John McKay. As MPs exited the House of Commons chamber after the crushing defeat of the motion to study Canada’s definition of a human being, I was struck by the sombre atmosphere. Usually MPs are quite chatty and boisterous after votes, as they head off to various receptions, meetings, etc.; not so that Wednesday night. It was as if someone had died. In fact, I said to a colleague it was like exiting a funeral. Conversation was muted. The shrillness that characterized the debate was silenced.

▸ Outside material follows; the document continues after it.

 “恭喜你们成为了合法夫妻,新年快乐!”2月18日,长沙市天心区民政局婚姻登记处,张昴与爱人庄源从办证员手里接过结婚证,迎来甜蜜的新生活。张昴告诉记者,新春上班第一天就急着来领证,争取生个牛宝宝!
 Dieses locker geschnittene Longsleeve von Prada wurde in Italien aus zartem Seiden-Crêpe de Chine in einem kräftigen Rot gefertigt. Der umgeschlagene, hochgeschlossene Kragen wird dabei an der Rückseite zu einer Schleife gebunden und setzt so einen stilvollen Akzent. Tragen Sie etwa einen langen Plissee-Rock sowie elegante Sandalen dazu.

The motion was really nothing more than a carefully worded and quite innocuous attempt to fill a legal void left by the Morgentaler decision. The Supreme Court had anticipated that its decision would unbalance the law and the various rights claims, and therefore specifically asked Parliament to respond. But the rhetoric over the motion was amped up so much that it became a litmus test for one’s position on abortion rather than a discussion on when life should be recognized in law.

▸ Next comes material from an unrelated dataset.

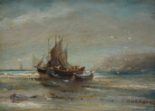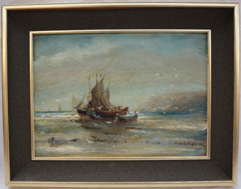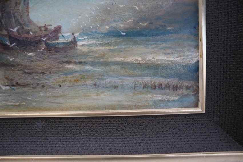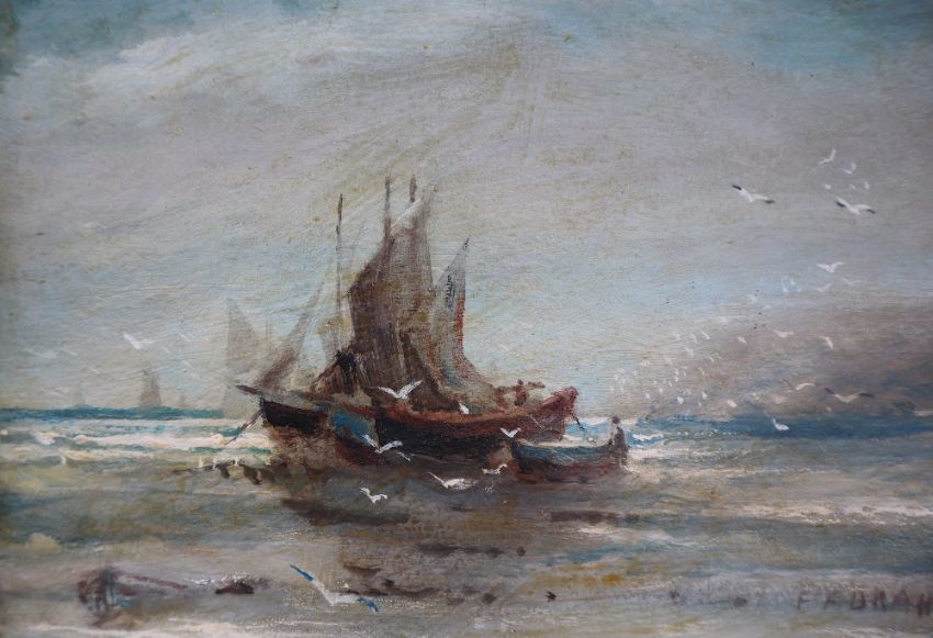 F AbrahamShips moored off the coastOil on boardSigned21 x 29.5cm

The presumption underlying civilized debate is that it be “civilized.” Harangues and mischaracterization of positions make civility almost impossible. I realize that this is the daily fare of our current Parliament, so I suppose one should not be surprised when Parliament proves itself to be incapable of rational decision making — even when handed an issue by the courts.

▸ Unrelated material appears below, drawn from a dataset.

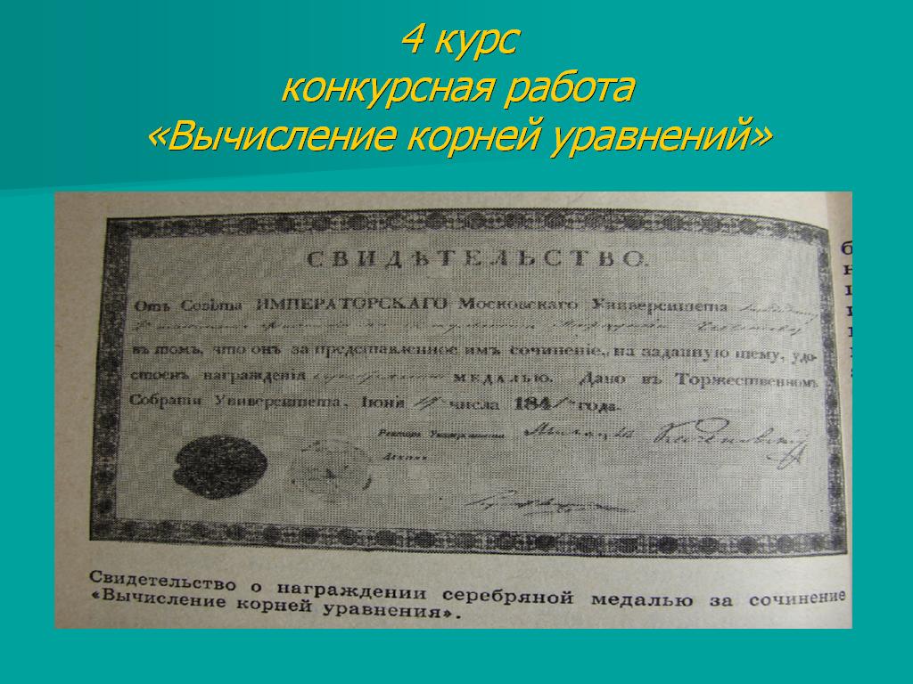 Особых подробностей о том, каким он был студентом, не сохранилось. Похоже, что в университете среди товарищей Пафнутий ничем не выделялся: носил строгий вицмундир, застёгнутый до самого подбородка на все сияющие пуговицы, и неизменную студенческую треуголку с кокардой <Рисунок3>. По всем предметам успевал только на «отлично». Видно, и тут сказалась домашняя выучка Аграфены Ивановны. Лишь на четвёртом курсе Чебышев заставил говорить о себе. На четвёртом курсе студентам полагалось представить своё сочинение в соответствии с выбранной специальностью. За конкурсную работу о вычислении корней уравнений он получил серебряную медаль <Рисунок4>. Студенческое сочинение много лет сохранялось в архиве и увидело свет только в 1951 году.

But let there be no mistake. This issue will be decided. It’s just that it will now be decided by someone else. Since Parliament has decisively removed itself from the debate, other institutions and people will fill the void in a less democratic, open, public and transparent forum.
The current state of the law is untenable. Physicians cannot be expected to abide by the contradictory directives to both provide abortions on demand for any reason at any time, and to personally refuse to do so in the last trimester. If an expectant mother is abusing herself and therefore her fetus with alcohol or drugs, how can a physician invoke the doctrine of “what’s in the best interests of the child?” when in the eyes of the law, there is no child to protect? The fetus is not recognized as a legal entity. How can the law or Parliament have anything to say about the odious practice of sex selection if the entity that’s being selected (or not) has no legal status?
The Supreme Court has now announced that it will hear an appeal on when a fetus is legally considered a human being. The question will necessarily be decided on a limited fact situation, which may or may not have wider precedential value. Regardless, it will be a piecemeal response likely to satisfy no one. In contrast, a parliamentary committee would have been able to hear a breadth and depth of evidence, which no court can possibly entertain.
Last week another motion was tabled in Parliament, this one on the practice of sex-selection. If the debate runs true to form, each side will vilify the other and MPs will duck and head for the exits, not wanting to get caught in the crossfire or worse still, be struck by friendly fire from their own partisans.
Parliament was asked to speak on when life begins, and it refused. Maybe at some level the sombre atmosphere exiting the Chamber reflected more than merely friends and colleagues being at odds with each other. Maybe it reflected MPs’ realization that they had just taken themselves out of a very important game.
John McKay, Special to National Post
Oct 15, 2012
John McKay is the Liberal member of Parliament for Scarborough-Guildwood.